| What you have to do |
An exact reproduction of all the data is needed, with no images in it.

| Data section |
Content starts

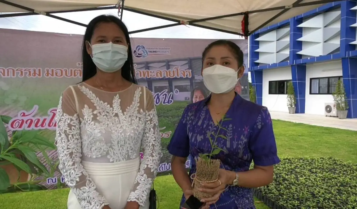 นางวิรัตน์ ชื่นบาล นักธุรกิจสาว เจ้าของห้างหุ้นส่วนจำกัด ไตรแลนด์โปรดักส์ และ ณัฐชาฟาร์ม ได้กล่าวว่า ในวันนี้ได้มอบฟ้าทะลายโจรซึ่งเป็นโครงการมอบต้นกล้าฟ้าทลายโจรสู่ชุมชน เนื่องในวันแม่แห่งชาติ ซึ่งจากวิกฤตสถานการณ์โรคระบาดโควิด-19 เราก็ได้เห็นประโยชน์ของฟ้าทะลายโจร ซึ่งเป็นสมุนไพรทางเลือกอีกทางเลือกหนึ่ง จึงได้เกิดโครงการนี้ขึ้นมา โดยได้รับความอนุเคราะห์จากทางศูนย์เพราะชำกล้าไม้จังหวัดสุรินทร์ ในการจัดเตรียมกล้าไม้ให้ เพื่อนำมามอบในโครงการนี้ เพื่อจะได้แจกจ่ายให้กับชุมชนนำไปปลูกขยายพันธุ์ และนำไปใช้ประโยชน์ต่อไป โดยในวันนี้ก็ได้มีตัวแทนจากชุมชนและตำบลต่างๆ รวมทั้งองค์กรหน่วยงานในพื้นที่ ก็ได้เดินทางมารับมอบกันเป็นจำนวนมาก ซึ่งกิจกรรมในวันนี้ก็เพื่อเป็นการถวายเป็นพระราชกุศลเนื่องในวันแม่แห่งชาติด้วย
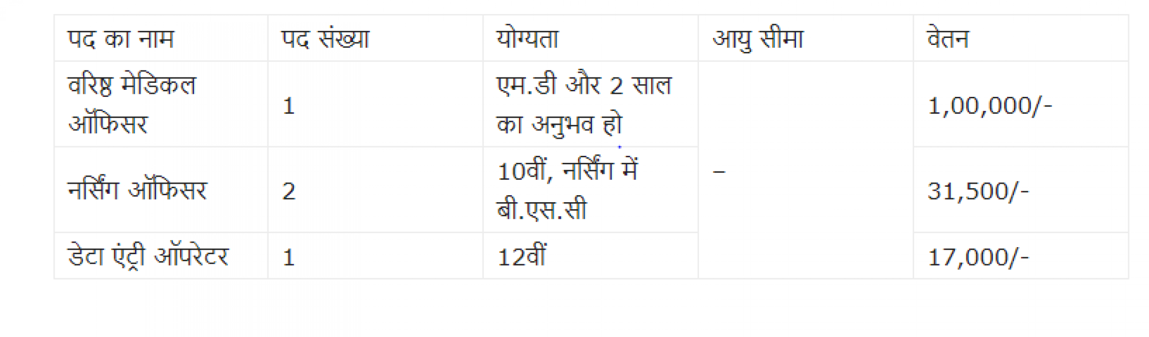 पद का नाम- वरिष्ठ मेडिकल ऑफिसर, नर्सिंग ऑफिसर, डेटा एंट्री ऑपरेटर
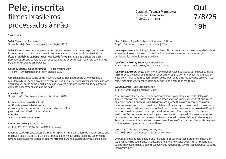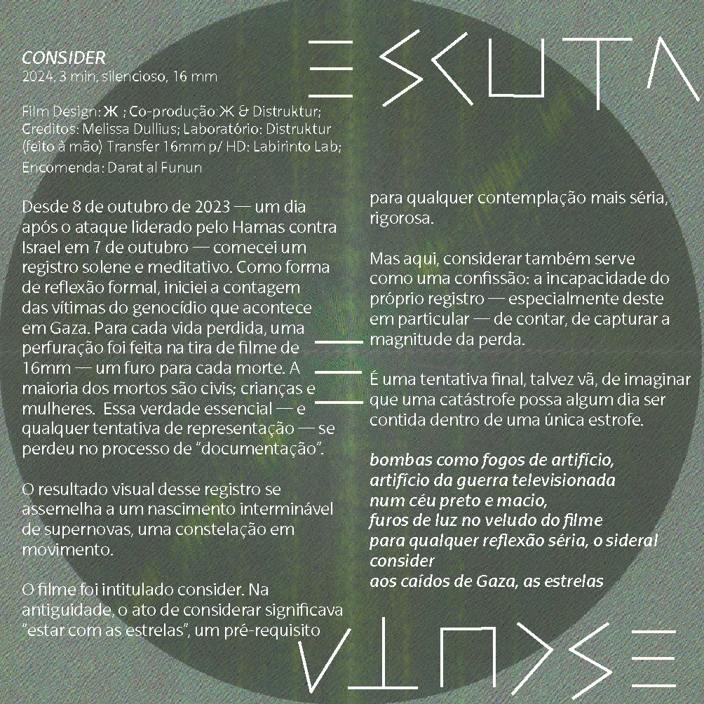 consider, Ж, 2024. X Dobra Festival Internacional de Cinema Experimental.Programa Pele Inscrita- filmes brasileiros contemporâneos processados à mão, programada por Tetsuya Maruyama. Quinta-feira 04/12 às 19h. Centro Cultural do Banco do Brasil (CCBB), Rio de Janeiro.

Content ends

| Response to this exercise |
 นางวิรัตน์ ชื่นบาล นักธุรกิจสาว เจ้าของห้างหุ้นส่วนจำกัด ไตรแลนด์โปรดักส์ และ ณัฐชาฟาร์ม ได้กล่าวว่า ในวันนี้ได้มอบฟ้าทะลายโจรซึ่งเป็นโครงการมอบต้นกล้าฟ้าทลายโจรสู่ชุมชน เนื่องในวันแม่แห่งชาติ ซึ่งจากวิกฤตสถานการณ์โรคระบาดโควิด-19 เราก็ได้เห็นประโยชน์ของฟ้าทะลายโจร ซึ่งเป็นสมุนไพรทางเลือกอีกทางเลือกหนึ่ง จึงได้เกิดโครงการนี้ขึ้นมา โดยได้รับความอนุเคราะห์จากทางศูนย์เพราะชำกล้าไม้จังหวัดสุรินทร์ ในการจัดเตรียมกล้าไม้ให้ เพื่อนำมามอบในโครงการนี้ เพื่อจะได้แจกจ่ายให้กับชุมชนนำไปปลูกขยายพันธุ์ และนำไปใช้ประโยชน์ต่อไป โดยในวันนี้ก็ได้มีตัวแทนจากชุมชนและตำบลต่างๆ รวมทั้งองค์กรหน่วยงานในพื้นที่ ก็ได้เดินทางมารับมอบกันเป็นจำนวนมาก ซึ่งกิจกรรมในวันนี้ก็เพื่อเป็นการถวายเป็นพระราชกุศลเนื่องในวันแม่แห่งชาติด้วย
 पद का नाम- वरिष्ठ मेडिकल ऑफिसर, नर्सिंग ऑफिसर, डेटा एंट्री ऑपरेटर
 consider, Ж, 2024. X Dobra Festival Internacional de Cinema Experimental.Programa Pele Inscrita- filmes brasileiros contemporâneos processados à mão, programada por Tetsuya Maruyama. Quinta-feira 04/12 às 19h. Centro Cultural do Banco do Brasil (CCBB), Rio de Janeiro.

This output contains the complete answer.